Немцы, выждав, пока мы развернулись, и, изучив примерно наше расположение, начали ярый миномётный обстрел и довольно систематичный.

Мы быстро выкопали щели – был песок. Но как только немцы стали кидать мины, щели обвалились и превратились в ямы. Появились раненые, санитары.

В моей щели я раздолбил старый пень – оказалось осиное гнездо. Две осы меня ужалили в лоб и шею. Я говорил ребятам: «Две осы ужалили, третьей не миновать…». Самому это казалось тем более странным, что раньше я боялся ос, пчёл и шмелей, и никогда они меня не жалили, не имел представления об этом.

Солдаты стали очень послушны, забылись старые ссоры. Сомневался только в Стрелке: он был весь бледный, осунувшийся – любимец Шило. Больше всего надеялся на Стрижакова. Задорожного не мог понять, но чувствовал – не подведёт.

12 часов. Сигнал. Даю команду: «К орудию», – и кулаки машинально сжимаются. Секунда колебаний, Задорожный ожесточился и метнулся к орудию. Стрижаков спокойно, осторожно, ловко занял своё место. Выпрыгнул четвёртый номер. Я взглянул на Стрелку. Он втянул шею и торопливо бормочет: «Всем-то, зачем… они справятся… в случае, я сразу выскочу.
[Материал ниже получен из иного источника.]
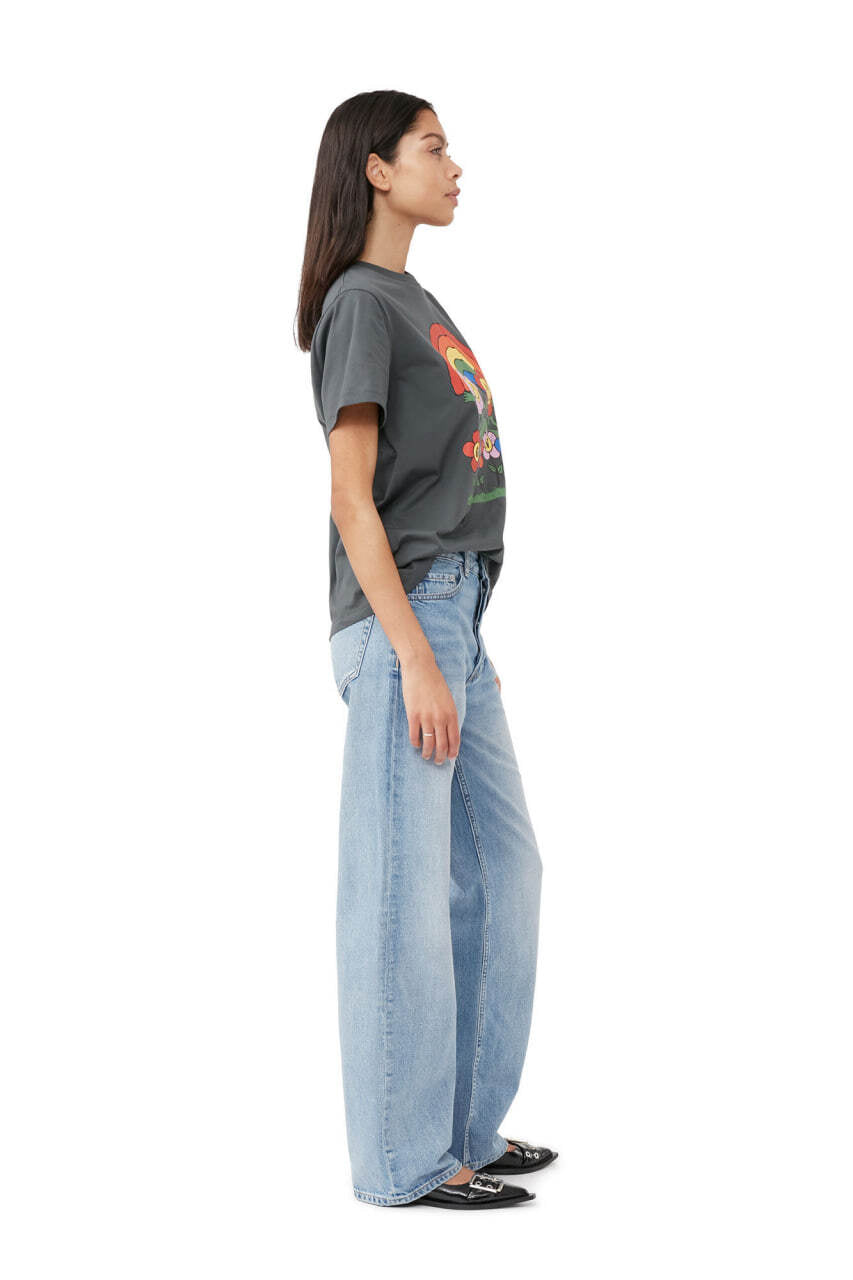 Ця футболка Rainbow вражає не лише своїм веселим графічним принтом у вигляді веселки, а й своєю якістю. Вона виготовлена з сертифікованої органічної бавовни, що означає, що для вирощування бавовни не використовувалися шкідливі хімічні речовини, а процес виробництва був екологічно безпечним. Крім того, футболка має вільний крій, що забезпечує комфорт під час носіння, а круглий виріз додає додаткового стилю. І, звичайно, не можна не згадати логотип GANNI, який підкреслює приналежність бренду.

Снаряды близко».

Мне стало противно от этого бормотания, но решил дать ему прийти в себя. Тем более расчёт, не замечая отсутствия третьего номера и зная, в чём дело, и понимая, великодушно приготовился работать втроём.

Снаряд был в патроннике. «Огонь!» Навожу бинокль на сарай, где должен упасть снаряд. Недолёт. Тот берег выше. Прицел пять и пять десятых. Сарай заволокло дымом. Ещё снаряд, ещё...

Правее был пулемёт, метрах в десяти от сарая. Задорожный повернул ко мне голову: «По пулемету?» – «Вали». Два снаряда, ещё выстрел.

И в тот же миг вспышка на траве в двух-трёх метрах от лафета. Не поспела промелькнуть у меня мысль, как Задорожный за меня крикнул: «В щель!» – и расчёт, как три камня, метнулся от орудия. Вторая мина – перелёт метров десять. Справа, слева, спереди. Душно… горячие волны жгут шею, хочется руки втолкнуть в песок и прижаться к ней плотнее – к матушке-земле.

Шестью минами ответили немцы моей пушке. Она спокойно стояла невредимая. Кругом срезанные осколками ветки, сучья. Когда дым рассеялся, то хорошо видно было горевший сарай. По ржи метались немцы.

 Даю команду: «К орудию!». Стрелке скомандовал особо, и он, как уж, закорчился по-пластунски к станинам. Опять снарядов пять-шесть, и опять завыли мины. Но на этот раз они ложились менее точно и густо. Они уже летели торопливо, невпопад.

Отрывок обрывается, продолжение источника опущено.